Auditing an R package you have just received

library(checkhelper)

This vignette is the canonical end-to-end walkthrough: a colleague hands you an R package and asks “is this CRAN-ready?”. The goal is to surface every CRAN-blocking issue with the smallest possible number of R CMD check runs, then apply the safe automatic fixes.

For audits that have their own pipeline (full CRAN environment, file-system snapshots), see the companion vignette vignette("pre-submission-gates", package = "checkhelper").

TL;DR - the audit script

pkg <- "/path/to/the/package"

# 1. Run R CMD check ONCE and reuse it everywhere it's needed.
chk <- rcmdcheck::rcmdcheck(pkg, args = "--as-cran")

# 2. Static audits (no extra check needed).
audit_tags(pkg)            # exported funs without @return / internals without @noRd
audit_ascii(pkg)           # non-ASCII characters in R/, tests/, vignettes/, man/, DESCRIPTION, NAMESPACE
audit_dataset_doc(pkg)     # datasets in data/ without a roxygen block
audit_citation(pkg)        # old-style personList() / citEntry() in inst/CITATION
audit_dontrun(pkg)         # \dontrun{} blocks in man/*.Rd
audit_description(pkg)     # unquoted package names in DESCRIPTION's Description field
audit_downloads(pkg)       # network / download call sites to review for offline-safe guards

# 3. Audits that need the check output - pass `chk` to skip a 2nd run.
audit_globals(pkg, checks = chk)

# 4. Apply the safe fixes.
fix_globals(pkg, checks = chk, write = TRUE)

# Preview before applying: fix_ascii() returns invisibly, so capture
# it to see which files would change.
preview <- fix_ascii(pkg, dry_run = TRUE)
preview[preview$changed, ]
fix_ascii(pkg, dry_run = FALSE)        # then apply

fix_dataset_doc("my_data", pkg = pkg,
                description = "Description of my_data",
                source = "Internal")        # one call per undocumented dataset

audit_globals() and fix_globals() parse the notes field of an rcmdcheck::rcmdcheck() result to extract the no visible binding for global variable and no visible global function definition notes.

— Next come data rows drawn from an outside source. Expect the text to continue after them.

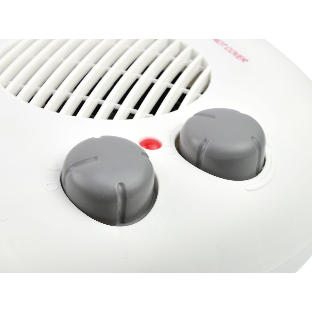 - Elektrischer Heizlüfter mit einer maximalen Leistung von 2000W. Er zeichnet sich durch eine extrem schnelle Erwärmung aus und einen einstellbaren Thermostat.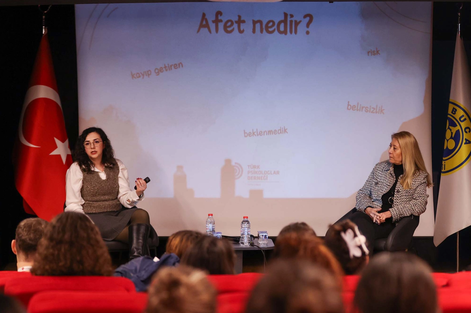 Afetlere karşı psikolojik hazırlığın önemi Buca’da ele alındı. Buca Belediyesi, gençlere yönelik farkındalık çalışmalarına bir yenisini daha ekleyerek psikoloji öğrencilerini afet sonrası psikososyal destek süreçleri hakkında bilgilendiren kapsamlı bir seminere ev sahipliği yaptı.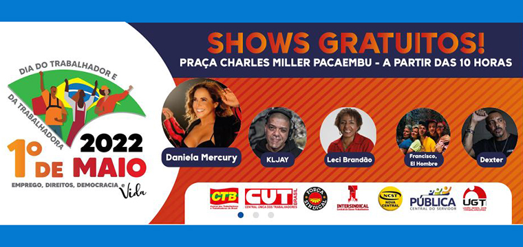 Nesta terça-feira (19), na Praça Ramos, em frente ao Teatro Municipal, a partir das 10 horas, a União Geral dos Trabalhadores (UGT) e as demais centrais sindicais farão o lançamento do 1º de Maio Unificado 2022.
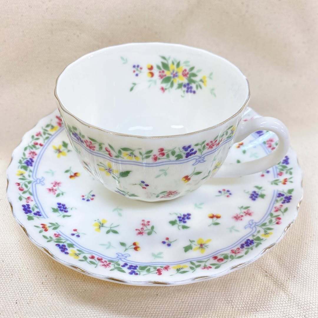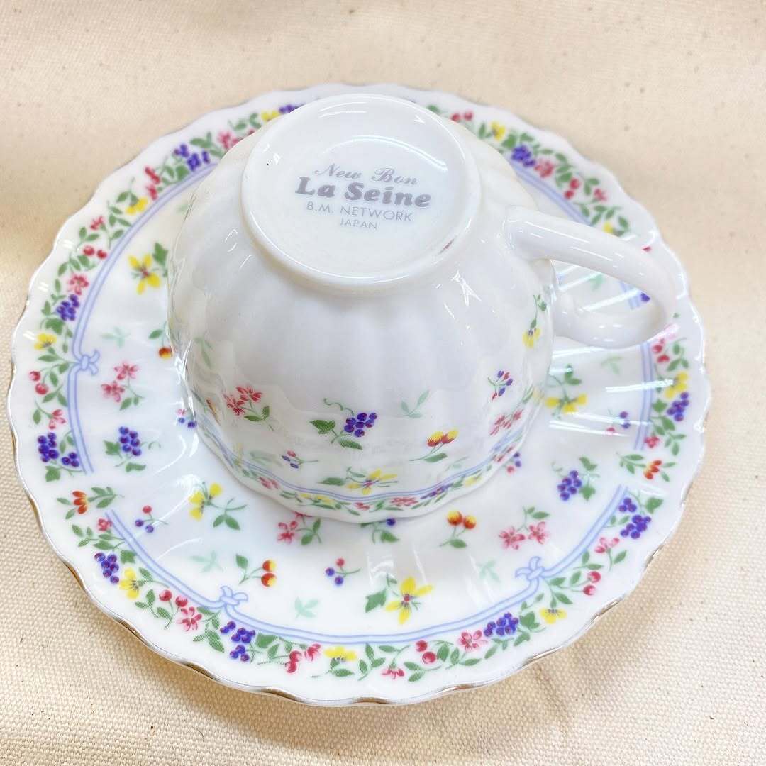 色とりどりの小花やフルーツのモチーフが散りばめられた、美しい「ラ・セーヌ」ブランドのティーカップ&ソーサー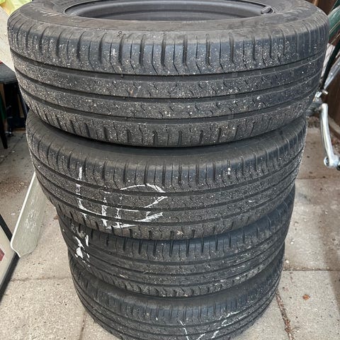 4 stk sommerdæk med stålfælge. Masser af mønster på rigtig pæne fælge. Dæk er fra 2013 men med 5-6 mm mønster og uden sprækker. Nyligt afbalanceret.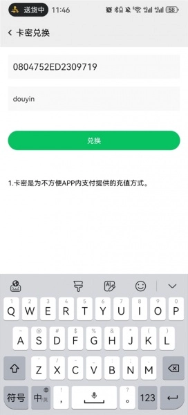 3、绑定抖音后会跳转到这个小程序里面,点击卡密;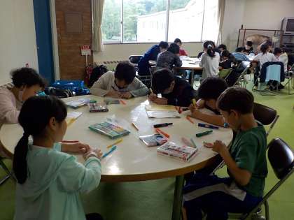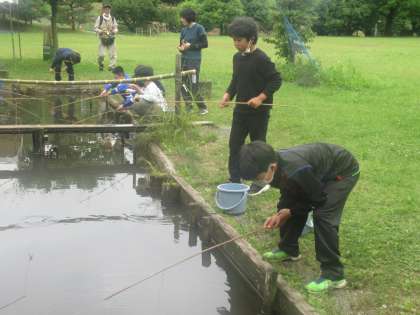 宿泊学習二日目の午後の活動は、ザリガニつりと木のキーホルダーづくりです。楽しみにしていたザリガニつりでは、集中してえさを見つめていました。木のキーホルダーづくりでは、思い出に残るオリジナルのキーホルダーをつくりました。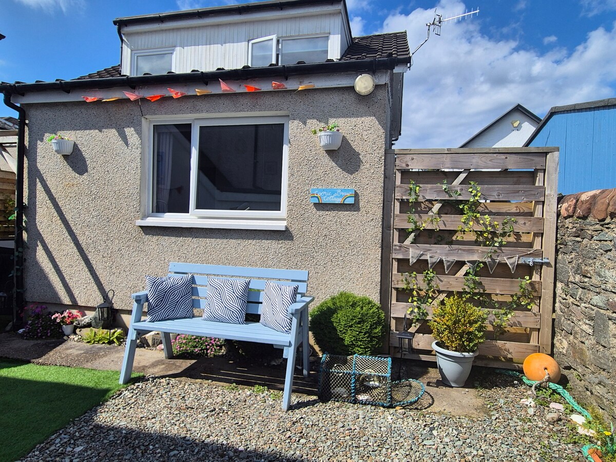 Delightful garden-fronted cottage facing on to spectacular panoramic seascape views across Asknish Bay to Craobh Marina and the Inner Hebredean islands of Shuna, Scarba and Jura. 130+ yr old rural Post Office, tastefully modernised to provide comfortable accommodation for 1, 2, 3 or 4 people - seaward-facing lounge & master bedroom, 2nd bedroom, large kitchen/dining room, shower/bathroom and cloakroom. Stay 7+ nights for 5% discount on whole stay - or 2 weeks for 10% off!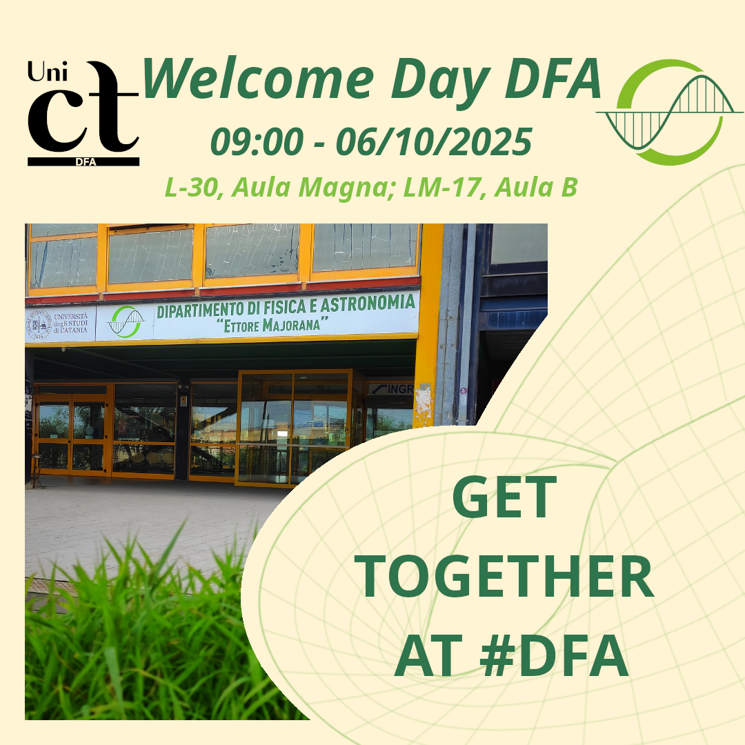 Lunedì 6 ottobre 2025, con inizio alle ore 09:00, presso l'Aula Magna (triennale) e l'Aula B (magistrale) si svolgerà il tradizionale Welcome Day: il Dipartimento dà il benvenuto alle nuove Studentesse e ai nuovi Studenti iscritte/i ai Corsi di laurea [triennale] in Fisica e Magistrale in Physics.

By default each call runs its own check, which is slow on a real package.

Both functions accept a checks = argument. When supplied, they skip the rcmdcheck() call and parse the existing object. This lets you run the check once and reuse the result for the whole audit.

chk <- rcmdcheck::rcmdcheck(pkg, args = "--as-cran")

audit_globals(pkg, checks = chk)
fix_globals(pkg,   checks = chk, write = TRUE)

The other audits do not need a check at all:

Audit	Needs `R CMD check`?	Notes
`audit_tags()`	no	static via roxygen2
`audit_ascii()`	no	line-by-line via `stringi::stri_enc_isascii()`
`audit_dataset_doc()`	no	inspects `data/` and `R/`
`audit_citation()`	no	static parse of `inst/CITATION`
`audit_description()`	no	tokenises DESCRIPTION’s Description
`audit_dontrun()`	no	line-by-line scan of `man/*.Rd`
`audit_downloads()`	no	AST walk of `R/`, `tests/`, `vignettes/`, `inst/`
`audit_globals()`	yes (reusable)	accepts `checks =`
`audit_userspace()`	yes (own pipeline)	takes file-system snapshots, separate
`audit_check()`	yes	this is the check, with CRAN env

Per-issue cheatsheet

Globals (`no visible binding`)

audit_globals() returns a 3-element list of names CRAN flagged:

globalVariables - undeclared variables that need a utils::globalVariables() declaration.
functions - external functions that need an @importFrom line.
operators - NSE tokens, data.table / rlang pronouns (:=, .SD, .N, .data, !!, …) that also need an @importFrom rather than a globalVariables() entry.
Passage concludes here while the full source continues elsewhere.